If there is a middle term, which would make it a theoretical reflection, then al-Ghazali asks the philosophers to show this middle term. If, however, this knowledge is understood by necessity of reason, then why is it that the vast numbers of those who affirm temporal creation do not share this knowledge?
It is, therefore, according to al-Ghazali, the burden of the philosopher to make a “demonstrative proof according to the condition of logic that would show the impossibility of this.” For, according to al-Ghazali, all that the philosophers have shown is “an expression of unlikelihood,” and an analogy between divine and human will.

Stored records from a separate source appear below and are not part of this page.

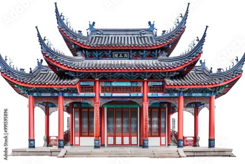 © Fotograf, Fototapeta premium A modern building with a red roof and blue walls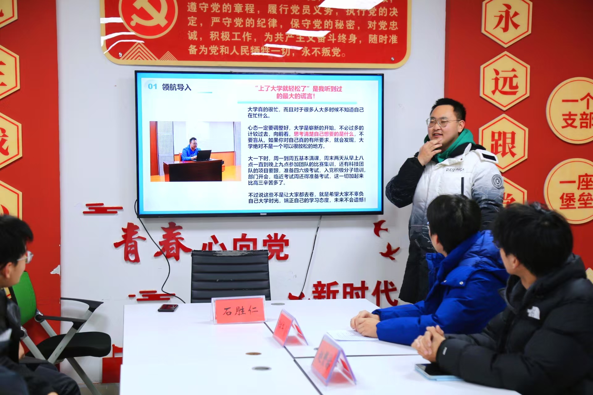 会议上,四位优秀员工代表向在场的同学们分享了自己的成长历程和宝贵经验。杨子豪同学以“目标是灯塔,坚持是船桨”为题,分享了他如何设定目标并坚持不懈地在学术和科研的道路上追求卓越。石胜仁同学以“拼搏奋进——勇敢的人先享受世界”为题,介绍了自己的成长经历,同时分享了自己的大学规划和未来目标。张凯媛同学则以自己的经历为例,讲述了坚持不懈和努力学习的重要性。赵赟赫同学则强调了时间管理的重要性。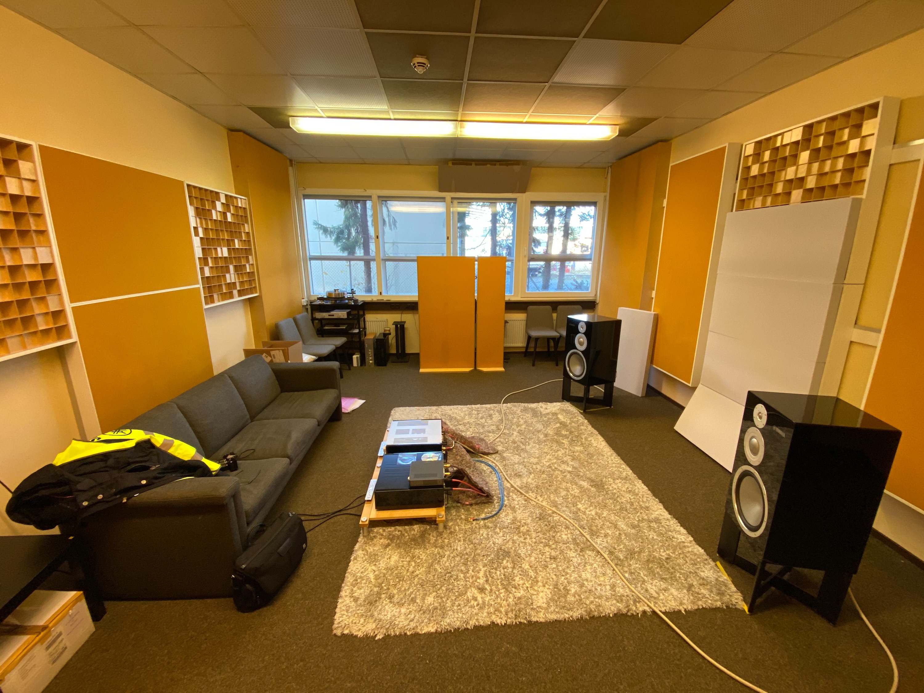 Plädoyer: Gönn Dir Roomtuning!Ein akustisch professionell behandelter Raum ist nicht nur die Grundvoraussetzung für den seriösen Umgang mit dem Hobby HiFi. Es kann auch eine optische Aufwertung bedeuten. Vergessen Sie solche Spar-Tricks wie Eierkartons oder Noppenschaum an die Wand zu klatschen. Das bringt so gut wie nichts und ist zudem absolut nicht zielgerichtet. – Und sieht wirklich grausam aus.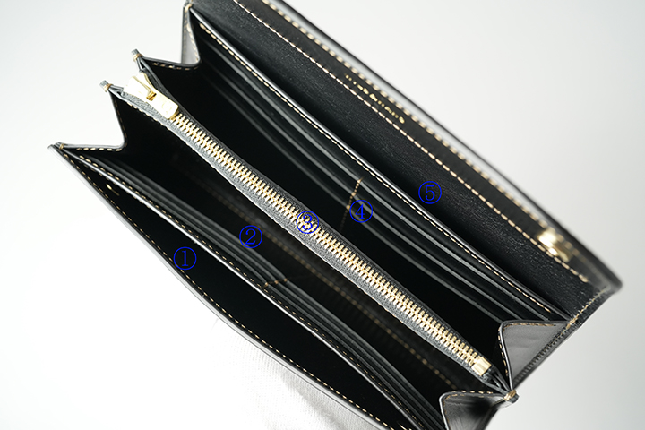 ① 、⑤・・・マチなしのスペース。紙幣や領収書の収納を想定しています。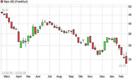 Mit dem Rücksetzer auf 25,00 EUR hat die MIPS Registered-Aktie (ISIN SE0009216278) am 12.02.2026 ein neues 12-Monats-Tief erreicht und damit den Kurs vom 06.02.2026 eingestellt.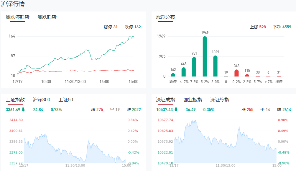 A股三大指数今日集体收跌,截至收盘,沪指跌0.73%,深成指跌0.35%,创业板指跌0.02%,北证50指数跌3.22%,微盘股指数跌5.70%,全市场成交额15252亿元,较上日缩量1917亿元。全市场近4800只个股飘绿。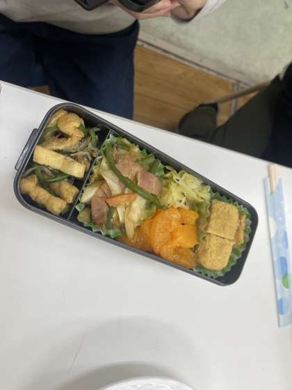 出来上がったおかずをお弁当箱に詰めています。隙間ができないように工夫して詰めることができました。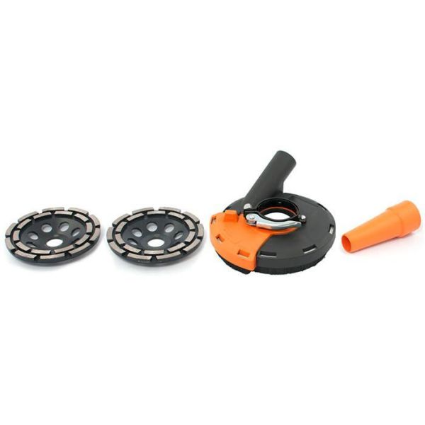 Varenr.: 2890067Diamantbånd til tørslibning i beton. Sættet indeholder støvudsugning til slibning, 2 diamantslibeskåle Dual 125 og adapter til tilslutning til støvsugere.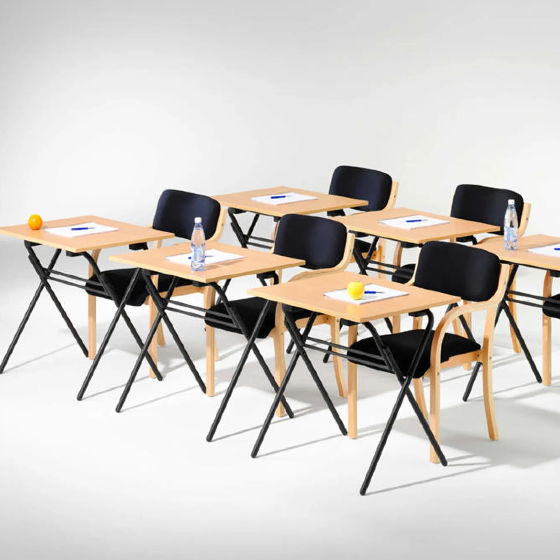 Sammenklappeligt eksamensbord 60x70x74 cm, hvilke giver mulighed for at lave en midlertidig opstilling som let kan pakkes væk og stables/opbevares. bordet er sammenklappelig og muligt at stable.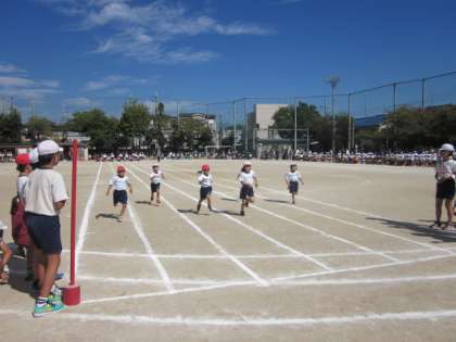 1年生最後の競技は50m走です。スタートからゴールまでの50mという距離を,1年生はどんな風に感じたでしょうか。案外遠く感じたのでは・・・?1年生,おつかれさま!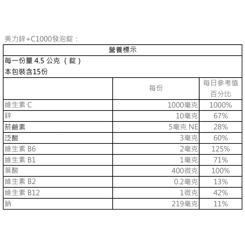 營養添加劑(維生素C)、調味劑(檸檬酸)、膨脹劑(碳酸氫鈉)、甜味劑(甘露醇)、紅葡萄果汁粉【紅葡萄濃縮汁、麥芽糊精、黏稠劑(辛烯基丁二酸鈉澱粉)、調味劑(檸檬酸)、葡萄香料、葡萄果皮色素】、甜味劑(山梨醇)、營養添加劑(葡萄糖酸鋅)、葡萄香料【黏稠劑(辛烯基丁二酸鈉澱粉)、麥芽糊精、葡萄香料、β-環狀糊精、乳化劑(脂肪酸甘油酯)、葡萄果皮色素、抗氧化劑(維生素E)】、甜味劑(蔗糖素)、甜味劑(醋磺內酯鉀)、營養添加劑【蒸鹼素(菸鹼醯胺)、泛酸(本多酸鈣)、維生素B6、維生素B1、葉酸、維生素B2、維生素B12】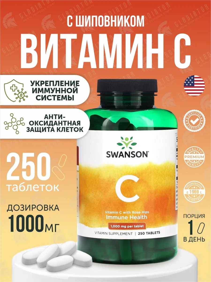 swanson Витамин C-1000 with Rose Hips, 1000 мг, 250 таблеток
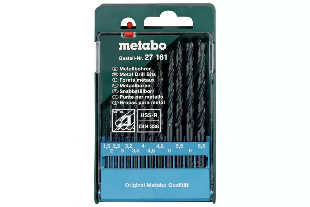 Csigafúró HSS, DIN 338, hengerelt, hengeres, jobb vágásirányú, N típus, Kúppalást-köszörülés 118°, átmérő-tűrés h8, Átmérő tűréshatár h8, Fekete felület, Alkalmazható acél, nemvas fémek, ötvözött és ötvözetlen acélöntvény fúrásához. 900 N/mm² szakítószilárdságig., 13 részes, műanyag dobozban, átmérő: 1,5 / 2 / 2,5 / 3 / 3,2 / 3,5 / 4 / 4,5 / 4,8 / 5 / 5,5 / 6 / 6,5 mm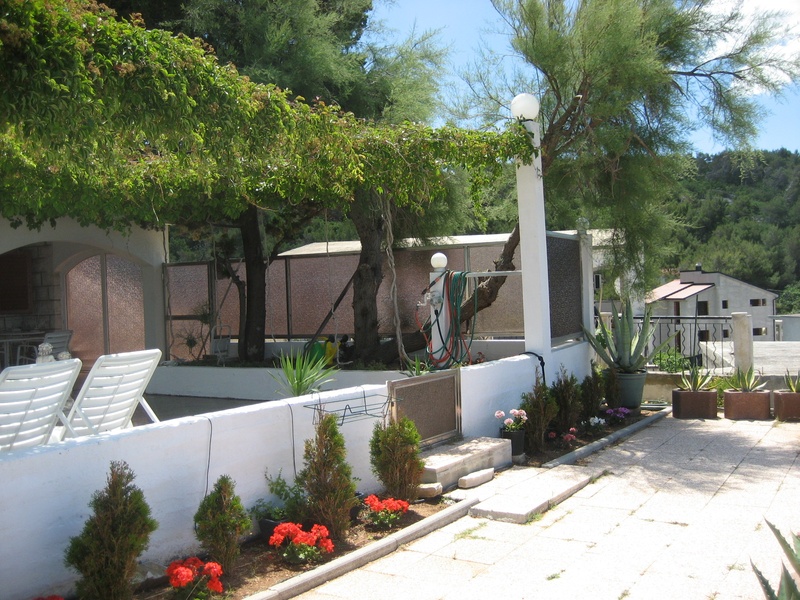 The biggest advantage of this apartment is the house with only two completely separate apartments and a parking space and, Mediterian climate and location. Experience the unique atmosphere with a large terrace consisting of three parts ( 1. loggia – Covered part , 2. part of the natural sunshade and 3. sunny part with the garden, driveway and parking ). Barbecue is driven , large one on gas and can be used in either the open or the closed part of the terrace .

Such an analogy, according to al-Ghazali, was false, for the eternal will does not resemble the human will.
Al-Ghazali commented that a philosopher might reply that one knows through necessity of reason that “a necessitating cause with all its conditions fulfilled is inconceivable without a necessitated effect.” To this, al-Ghazali answered that the philosophers resort to saying something similar, that divine knowledge is different than human knowledge when it comes to the philosopher’s belief that God’s knowledge does not necessitate any change in the one divine essence.
That is, there is no multiplicity in knowing multiple universals, or addition because of knowledge. Al-Ghazali admitted that some philosophers have seen the impossibility of this theory, which was already denied by Ash‘arite theology, and have put forth a belief that God thinks of God’s self alone - making God the apprehender, the intellect, and the intelligible of divine knowledge.[^33] Al-Ghazali believed that such an affirmation was foolish, for it would make God into the Creator who is not aware of his own creation.